→ WHAT IS BEING ASKED: What you return must match the data below exactly, minus any pictures.

→ EXTRACTED MATERIAL:
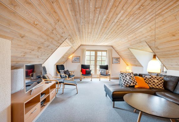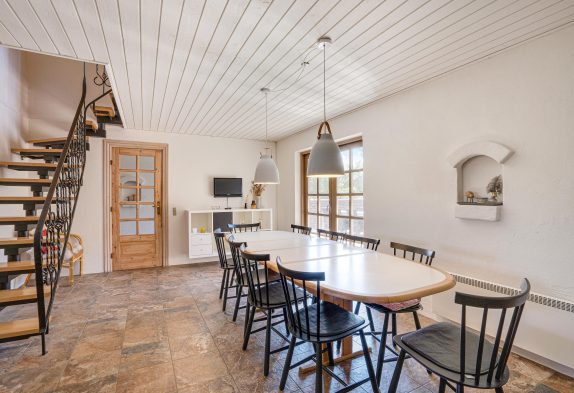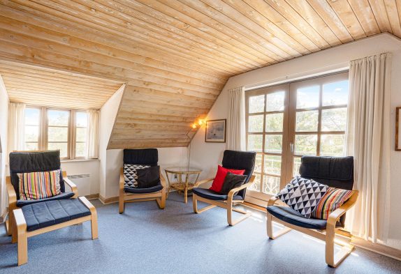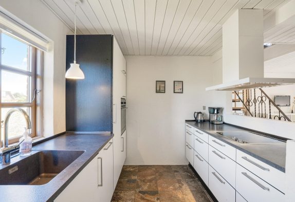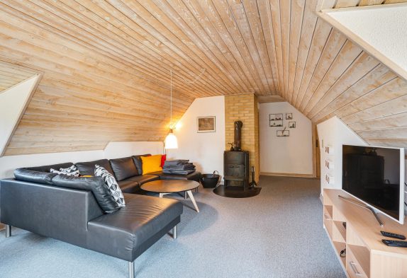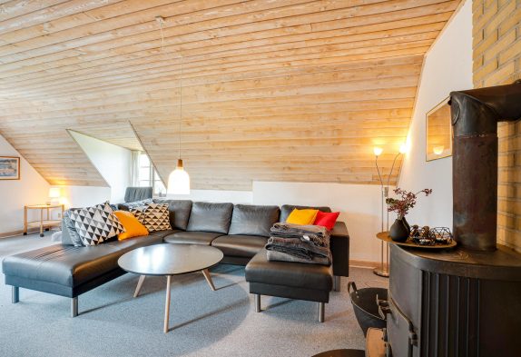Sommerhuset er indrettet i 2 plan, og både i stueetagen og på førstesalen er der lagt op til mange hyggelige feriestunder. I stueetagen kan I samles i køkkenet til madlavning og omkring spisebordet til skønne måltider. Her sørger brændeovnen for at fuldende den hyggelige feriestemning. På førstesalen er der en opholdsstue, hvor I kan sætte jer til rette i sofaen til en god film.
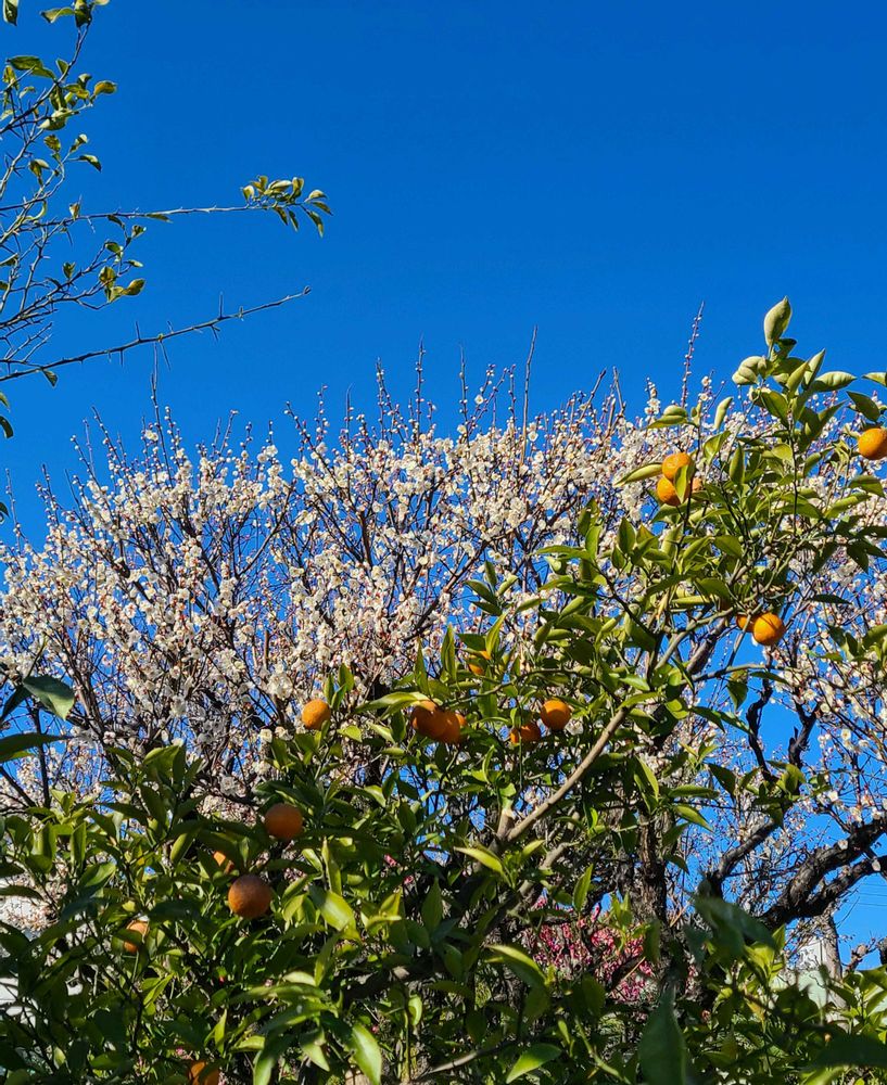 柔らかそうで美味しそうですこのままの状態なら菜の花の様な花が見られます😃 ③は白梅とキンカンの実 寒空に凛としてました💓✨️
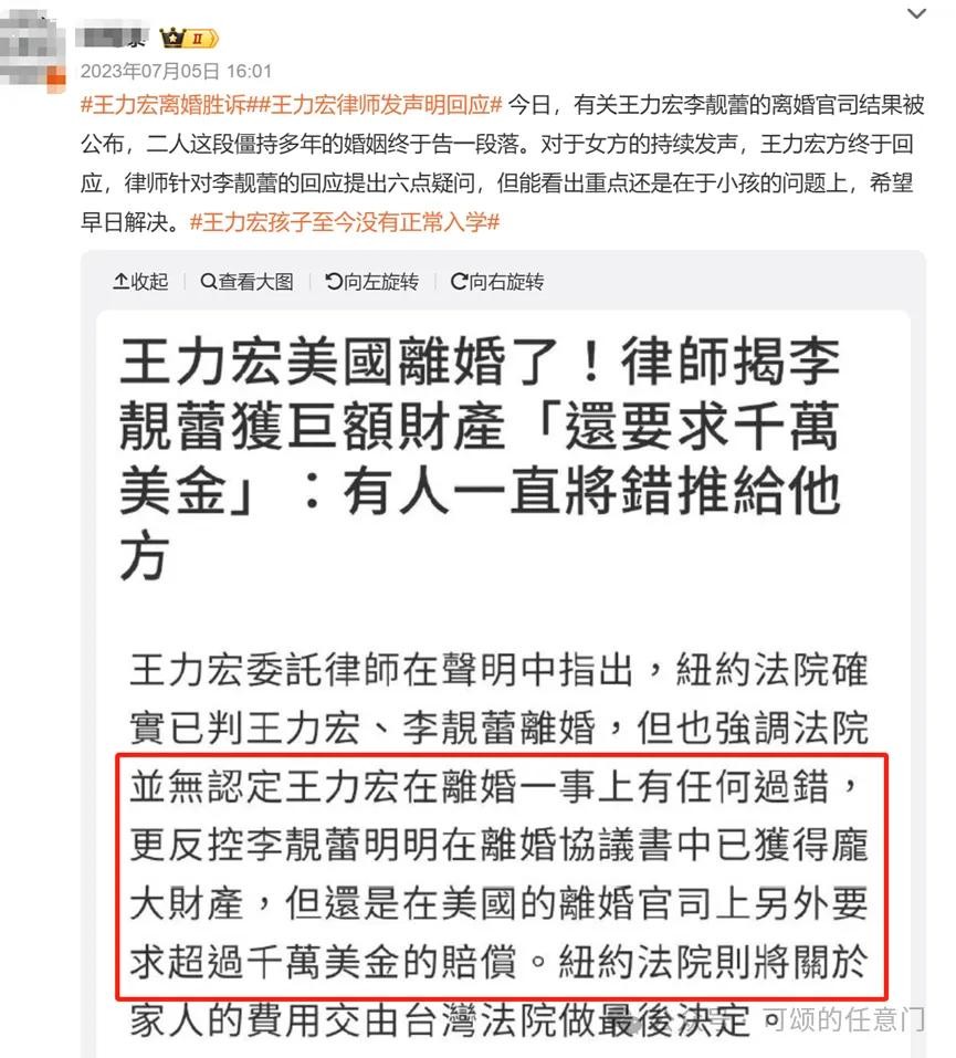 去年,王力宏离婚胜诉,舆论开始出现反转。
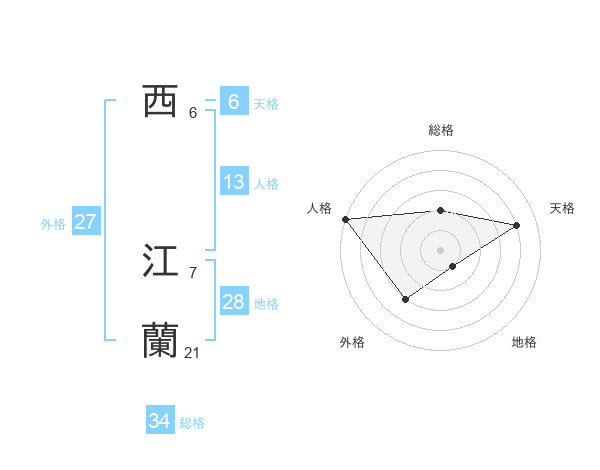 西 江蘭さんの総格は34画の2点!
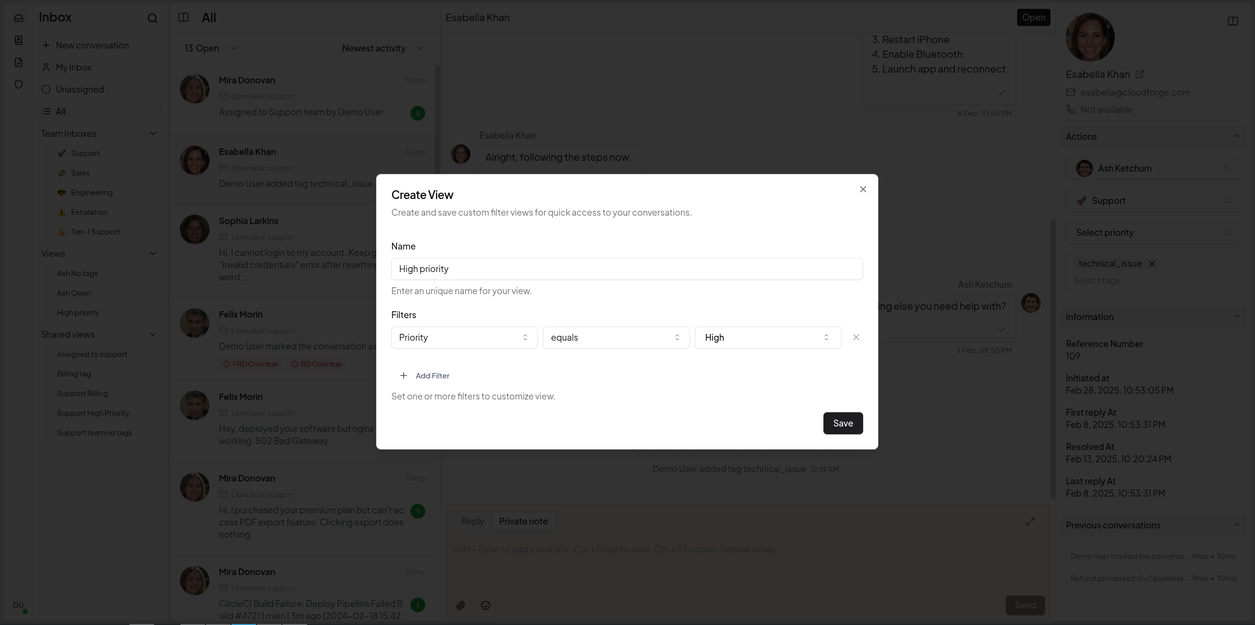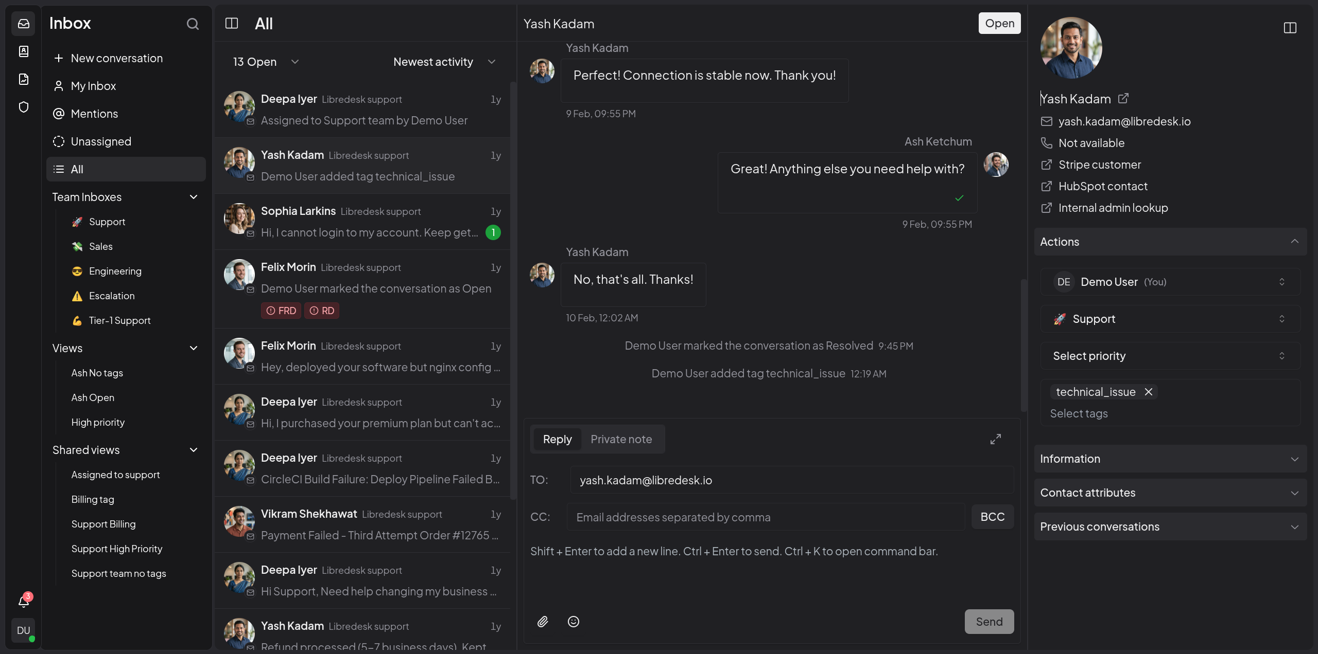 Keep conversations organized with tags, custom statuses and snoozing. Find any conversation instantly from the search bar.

→ RESPONSE TO THE EXERCISE:
Sommerhuset er indrettet i 2 plan, og både i stueetagen og på førstesalen er der lagt op til mange hyggelige feriestunder. I stueetagen kan I samles i køkkenet til madlavning og omkring spisebordet til skønne måltider. Her sørger brændeovnen for at fuldende den hyggelige feriestemning. På førstesalen er der en opholdsstue, hvor I kan sætte jer til rette i sofaen til en god film.
 柔らかそうで美味しそうですこのままの状態なら菜の花の様な花が見られます😃 ③は白梅とキンカンの実 寒空に凛としてました💓✨️
 去年,王力宏离婚胜诉,舆论开始出现反转。
 西 江蘭さんの総格は34画の2点!
 Keep conversations organized with tags, custom statuses and snoozing. Find any conversation instantly from the search bar.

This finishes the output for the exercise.